There is luck in the tile draw. Sometimes you have the perfect plan in mind and you are just waiting for the right tile to turn up. Despite the luck element, I find that you still have many options in the game and many opportunities for clever play.

The game is quite quick and simple, but it has the feeling of an investment game - you decide which civilisations you want to invest in, and then you help them to grow. You need to be aware of where the interests of the other players are, and you need to be aware of everyone's "stock holdings". This reminds me of Chicago Express, but I think I prefer Gheos more, because there is some randomness in the tile draws. Chicage Express is a perfect information game with no randomness (other than crazy players). In Gheos you have crazy gods saying to man "Oops" or "Sorry man, nothing personal".

Tuesday, 24 May 2011

goodbye my witch

The Witch House (Taipei) is closing down, due to a directive from the city council, that bars are not allowed to operate in a non-commercial area. This was where my boardgaming hobby started, back in 2003, during a long work assignment in Taiwan. I learned Carcassonne there. Carcassonne was one of the first games that my wife Michelle and I played very heavily. It was also the game that brought a group of my Taiwanese friends together to become my first, and so far biggest, regular game group. So it is sad to hear that Witch House is closing down. I have always thought about visiting Taiwan and Witch House again, but have never got around to actually planning for it.

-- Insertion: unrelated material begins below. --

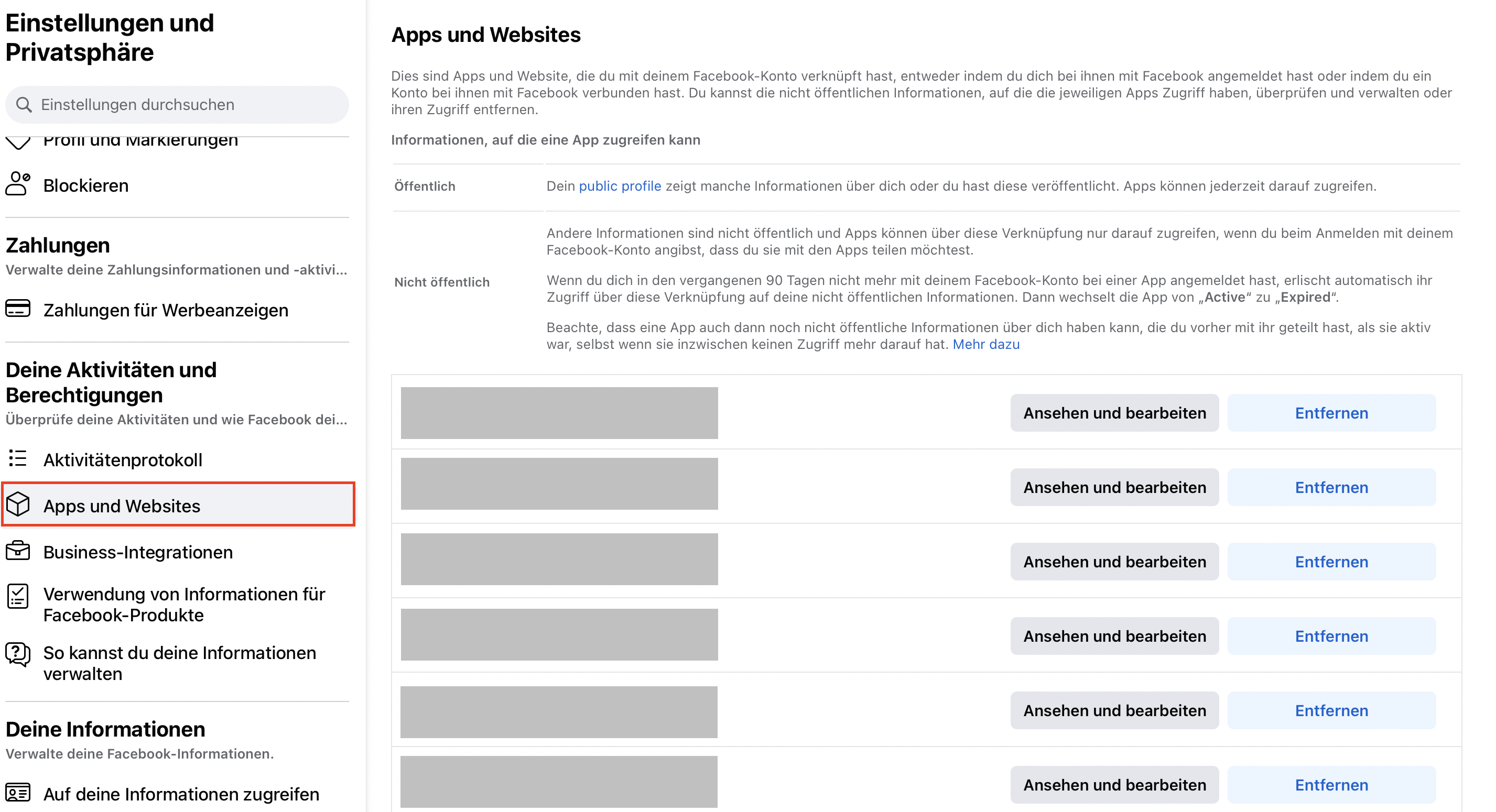 Viele wissen, dass Facebook sich die Rechte an allen Inhalten vorbehält. Man hat auch vage davon gehört, dass Facebook Profildaten und Freundeslisten an Werbetreibende verkauft. Aber wie weit spannt sich dieses Netz? Welche Apps, die man auf Facebook nutzt oder bei denen man sich mit Facebook anmeldet, haben Zugriff auf welche Daten? Bevor Sie Ihren Facebook-Account löschen, lohnt sich ein Blick in die Facebook-App-Einstellungen. Klicken Sie dafür auf Ihr Profilbild und wählen Sie den Punkt „Einstellungen und Privatsphäre“ > „Einstellungen“ aus dem Drop-down-Menü. Scrollen Sie anschließend in der linken Seitenleiste zum Punkt „Apps und Websites“.

2004. Some of my Taiwanese friends. From left: me, Ingrid, Peter, Jessy, Cheryl. This was the little apartment that I stayed in, in the city area.

I first found Witch House on the internet when I was looking for shops in Taipei selling boardgames. The concept of a boardgame cafe was alien to me at the time. Then I had thought the pinnacle of boardgames was the Axis & Allies series. I was hoping to find something similar while I was in Taiwan. On my first visit I had trouble finding the place. It was tucked in a small alley off the main road next to the National Taiwan University. It looked nothing like a boardgame shop. It looked like a regular small restaurant / cafe (which it actually was). The selection of games for sale was limited (most of their stock was somewhere else because there wasn't enough space for displaying all the games - this was a cafe, not a shop). The type of games (Eurogames) was alien to me too. Carcassonne just felt weird the first time I played it, and I definitely did not expect to like it as much as I do now.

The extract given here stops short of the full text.